Although the Festival had its moments, I’m not sorry to see it over. I need some distance from gigging now to rebuild the enthusiasm I had for it. Time to explore the options for both recording and for making new music with my looping equipment.
Of course before that there’s the South Queensferry Arts Festival which I’m helping to organise and which will consume more and more time until it starts on 9th September.
It’s a dilemma. Playing live. You feel you ought to. But, at this level, what real good does it do? Wouldn’t we be better to stay at home working on our music? But then how do people get to hear it, if not by buying our CDs when we play live?
I know you will have a reasoned argument to come back with – and I look forward to it as always Norman!!
Hmmm
You said it yourself – how do people get to hear your music if you don’t play live? Radio is hard to get onto and doesn’t translate to CD sales unless your CD is in Virgin and HMV. There are thousands of mp3 sites – which ones do you join and how much promo do you need to do? I view the CD as the next step in building interest from the audience to you, with the live appearance usually the first step.
But there’s more to it than that – positively, I enjoy very much playing live to an audience, if there’s even the slightest level of interest out there. There is a different level of quality in the music when (a) musicians are listening to each other and (b) an audience is listening. I don’t know about you but when I’m playing at home to myself and something good comes out my first reaction is ‘I wish someone had heard that’.

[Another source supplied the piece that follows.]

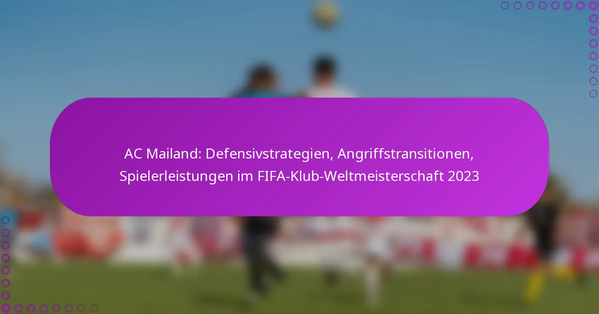 Die Defensivstrategien von AC Milan in der FIFA Klub-Weltmeisterschaft 2023 konzentrieren sich auf eine solide Formation, taktische Flexibilität und die Rollen von Schlüsselspielern, um effektiv Tore zu verhindern. Durch einen strukturierten Ansatz zielen sie darauf ab, die Gegner zu neutralisieren und gleichzeitig die Fähigkeit zu bewahren, schnell in den Angriff überzugehen.

The balance to be struck, at all levels of the music business from ours to the professional, is how much crap are you prepared to put up with to get that time with an audience? Some nights 20m on stage can be good enough to balance 4 hours of crap before and after. Some nights it can’t.
A big question is do you want to make music or do you want to make money?
Can the two be compatible?
Why, for example, K T Tunstall and not any of the good singers and writers from OOTB – say Lynsey Hutchison?
It’s surely not luck…it’s a combination of self belief, hard work and contacts and being in the right place at the right time.
Lynsey certainly has self belief in spades and works hard at her music…
I read an interview with K T in the paper on Sunday (strategically placed PR re her new single out yesterday – what chance you or I being interviewed and appearing in print the day before a release – oh, sorry, yes, we’re NOT signed to Sony). In the interview, the story seemed to be as follows..
Adopted
Well off understanding parents
Driven individual
Not interested in getting a job
Believing her music was great
Went to London for two weeks to sleep on someone’s floor after spending years playing songs on the streets or in pubs
Took a collection of phone numbers she’d amassed over the years
Spent two weeks phoning them all
Got a publishing deal
Signed to Sony
Got an album out
Big PR push
Last minute stand in on Later
Album sales took off
Festivals, hit singles etc etc
That sounds easy doesn’t it??
Am I missing something?
Sorry – to get back “on topic”, I too very much enjoy playing live but, frankly, everything involved with doing it, other than the actually playing live bit, is a complete pain..but there is very little that compares with the feedback from an audience…
‘That sounds easy doesn’t it??
Am I missing something?’
You’re missing the crucial elements:
– the number of KT Tunstalls that made the same efforts but didn’t make it to the publishing deal or the Sony contract or ‘Later’. Hundreds, if not thousands, to one
– from our point of view, the impossibility of being 20 again. At 25 she was almost off the radar of the music industry. And if KT doesn’t serve their needs by producing a second hit album, it’ll be ‘Bye bye KT, and by the way you owe us £x hundred thousand.’
Once again, I tip my hat to you Norman. Truly, you are the voice of reason…
OK I’ll never be 25 again but I’ll also never owe anyone £100,000…I hope!!